Wallace Shawn, left, and Elena Anaya in "Rifkin's Festival." 

Wallace Shawn, left, and Elena Anaya in "Rifkin's Festival."  Credit: Quim Vives/Wildside/Gravier Productions

PLOT At a European film festival, a writer suspects his wife of having an affair.

CAST Wallace Shawn, Gina Gershon, Elena Anaya

RATED PG-13 (some adult talk)

LENGTH 1:28

WHERE Malverne Cinema and Art Center, VOD and digital platforms

BOTTOM LINE Woody Allen’s return to theaters is a throwaway at best.

Wallace Shawn plays Mort Rifkin, a former film professor and aspiring novelist, who attends the San Sebastian International Film Festival in Woody Allen’s 49th feature, "Rifkin’s Festival." Mort is the latest in a long line of Allenesque heroes, a self-absorbed nebbish full of existential dread and nagging suspicions about his wife.

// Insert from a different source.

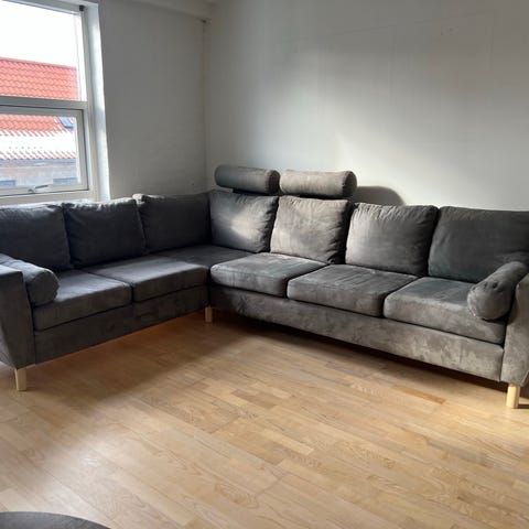 Fin sofa fra Ilva i blå. Fra 2022. Der er tilhørende puf. Opbevaring i armlæn og under det yderste sæde.

She’s a beautiful publicist, Sue (Gina Gershon), who is assigned to babysit Philippe (Louis Garrel), a handsome French director with an outsized opinion of his importance. Philippe believes, for instance, that his latest drama could bring peace between Israel and Palestine.

Mort’s reaction: "I’m glad he’s turning to science fiction."

That may be the funniest line in "Rifkin’s Festival," which tells you how tepid and tuned-out this movie is. It was filmed in the summer of 2019 during Allen’s dizzying fall from grace — accused by his daughter of sexual molestation, denounced by Hollywood’s A-list, dropped from a multi-film deal with Amazon — but you’ll find no clues or references to any of that here. Instead, Allen retreats into his most familiar tropes: the fear of death, the meaning of life, the allure of women, the comfort of old movies. If anything, Allen — via Mort — seems to be plugging his ears to the outside world. Contemporary politics is just trivial noise, Mort tells his wife, compared to "the big questions — what’s it all about?"

Those who grew up on Allen's movies may feel a twinge of sympathy for Mort, a lover of cinema still clinging to its storied past. "Film festivals are no longer what they were," he tells his therapist. Wandering around San Sebastian, and between rendezvous with an attractive doctor, Joanna (Elena Anaya), Mort loses himself in black-and-white reveries modeled on the great works, including Orson Welles’ "Citizen Kane," Luis Buñuel’s "The Exterminating Angel" (look for Massapequa's Steve Guttenberg as Mort’s glib brother, Jake) and Ingmar Bergman’s "The Seventh Seal," which features an amusing Christoph Waltz as Death. These segments, however, only prove Mort’s/Allen’s point: They’re based on movies that are surely losing their relevance to current audiences. What’s more, Allen has done this homage routine before, in "Stardust Memories," "Love and Death" and other, more inspired films.

It’s tempting to view "Rifkin’s Festival" as a final referendum on a once universally admired filmmaker. In reality, it’s merely another halfhearted effort, the kind we’ve seen from Allen many times before. The question, at this strange juncture in his career, is what comes next.